Несколько кирпичных корпусов, решетки на окнах вокруг сотрудники УФСИН и собаки на привязи. Во дворе тюрьмы минимум деревьев и тишина, нарушаемая лишь лаем собак.
«Сколько мне придется быть здесь, что меня ждет, и что будет дальше?» - мысли просто разрывали мне мозг.
Я крепче сжал пакет с вещами и шагнул в неизвестность.

****

- Руки за спину, лицом к стене - прорычал конвойный, и зэки выстроились вдоль стены напротив дежурной части СИЗО. Стена была выкрашена в приятненький салатовый цвет.
- Называю фамилию, заходите в помещение, раздеваетесь полностью и три раза приседаете -  громко отчеканил толстый дежурный со следами вечного похмелья на лице.
Услышав свою фамилию, я прошел в досмотровую комнату, где произвел все необходимые торжеству закона процедуры, и стал ждать, пока два бойца тщательно шмонали мои скудные пожитки.
Один из них достал щипчики для стрижки ногтей, пену для бритья в металлическом тубе и точно бросил в стоявшую рядом со столом урну.
- Зачем выкинул, начальник, это ж средства гигиены - спросил я, разводя в сторону руки.
Боец лениво бросил в мою сторону взгляд и с оттяжкой произнес: «НЕ ПОЛОЖЕНО». Затем, сфокусировав свой взгляд в районе моей переносицы, за-орал:
- Руки за спину, лицом к стене, по-другому стоять НЕ ПОЛОЖЕНО.

После шмона я прошел в душ, где стоя под тонкой струей теплой воды остервенело смывал с себя грязь и запахи ИВС, впитавшиеся за эти дни в мою кожу.
Кое как помывшись в слегка теплой воде, я оделся и присоединился к остальным вновь прибывшим.  Нас повели в каптерку, где выдали тонкий дырявый матрас, нечто похожее на подушку, серое белье и старое пыльное одеяло.
- Посуду вечером получишь, щас нет - все так же угрюмо проинформировал меня боец и крикнул в сторону:

 - В какую хату  его вести?

Из помещения дежурки в ответ проорали:  - Веди его в 29 хату, он Б/С.

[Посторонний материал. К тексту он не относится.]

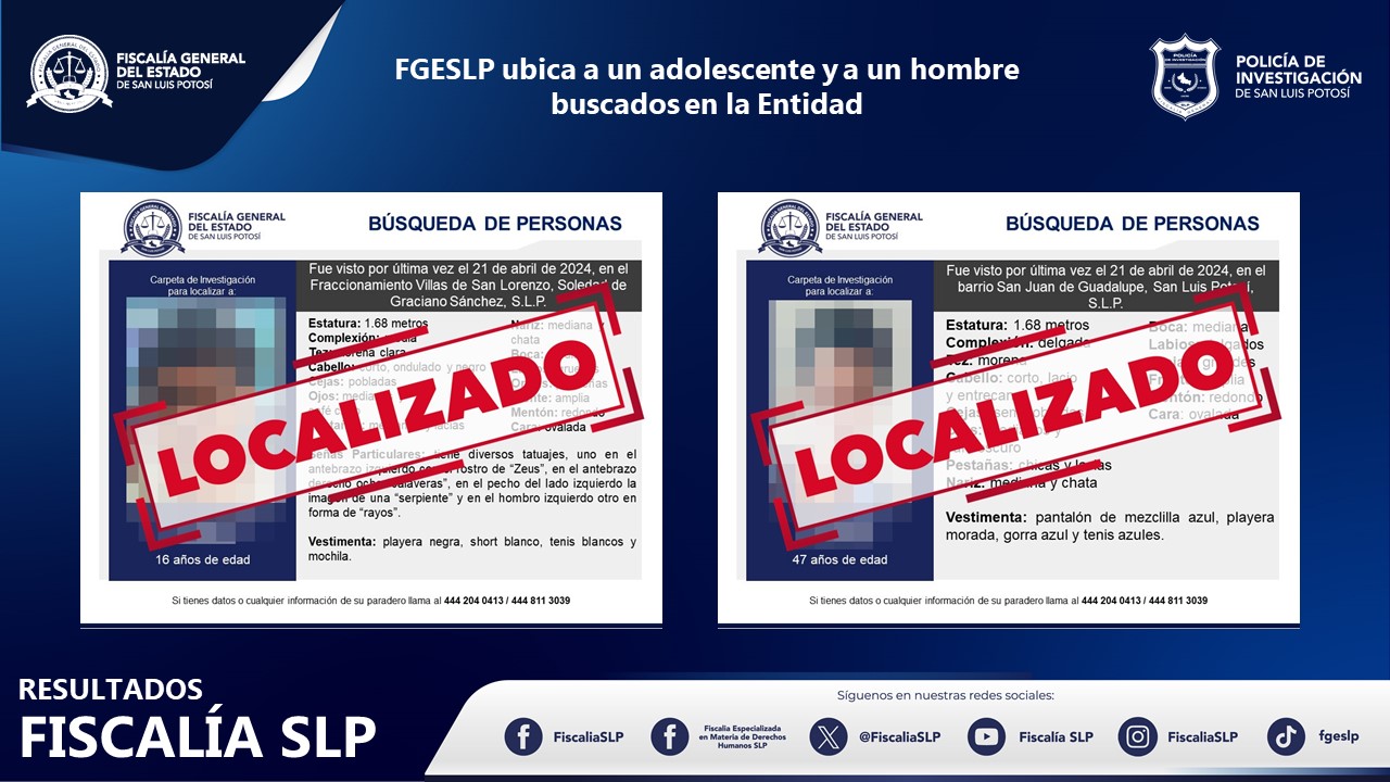 La Fiscalía General del Estado de San Luis Potosí (FGESLP) informó la localización de dos personas para las cuales se activó el protocolo homologado de búsqueda en Soledad de Graciano Sánchez y la Capital potosina.
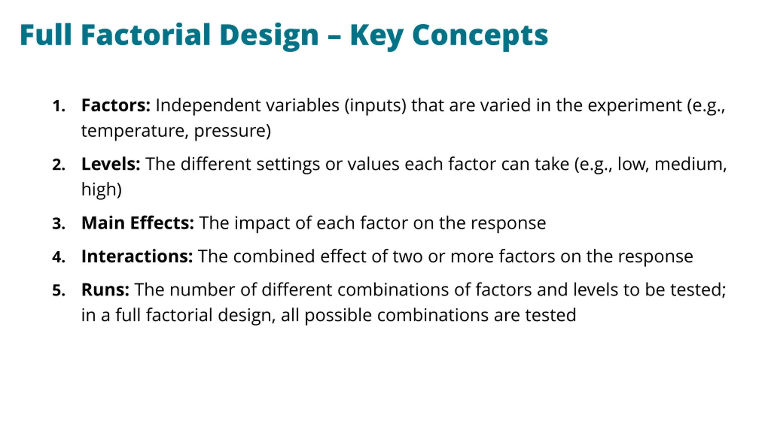 Full Factorial Design Key Concepts 1. Factors: Independent variables (inputs) that are varied in the experiment (e.g., temperature, pressure) 2. Levels: The different settings or values each factor can take (e.g., low, medium, high) 3. Main Effects: The impact of each factor on the response 4. Interactions: The combined effect of two or more factors on the response 5. Runs: The number of different combinations of factors and levels to be tested; in a full factorial design, all possible combinations are tested

Ну что ж, уже не так все плохо, подумал я - иду к  «своим».
Б/С – бывший сотрудник правоохранительных органов либо отслуживший во внутренних войсках.. Содержится отдельно от остальных заключенных» - услужливо выдала мне информацию моя память.
Боец ведет меня вдоль по коридору, затем 20 ступенек вверх, вновь идем по коридору, звучит знакомое «руки за спину, лицом к стене», боец клацает ключами, долго не может открыть дверь камеры.
Изнутри слышится бодрый голос:

 - Что, воин, ключи не подходят? - и дружный хохот.

Лицо угрюмого бойца покрывается красными пятнами, он, наконец, находит нужный ключ, и дверь в хату открывается. Решетку за дверью боец открывает с первой попытки, и я захожу внутрь.

- Ну, вот вам пополнение - гнусавит боец и захлопывает за мной дверь.

Я осматриваюсь вокруг и вижу помещение 24 квадратных метра, шесть металлических шконок, стены приятного серого цвета, дубок-стол, сортир - дальняк, большое зарешеченное окно напротив входа,  с видом на волю, и пять хмурых лиц, смотрящих на меня.

- Ну что стоишь у тормозов, проходи, знакомиться будем - негромко сказал высокий мужик лет пятидесяти. Мужик был широк в плечах, с большим животом и абсолютно седой головой. На мужике была одета майка с изображением дракона и надписью «я – змей Горыныч».

- Волынкин Алексей, залетел по 210 УК РФ, опер в прошлом - сказал я.

- Бумаги давай - стоявший рядом с «седым»,  молодой парень крепкой наружности протянул ко мне руку.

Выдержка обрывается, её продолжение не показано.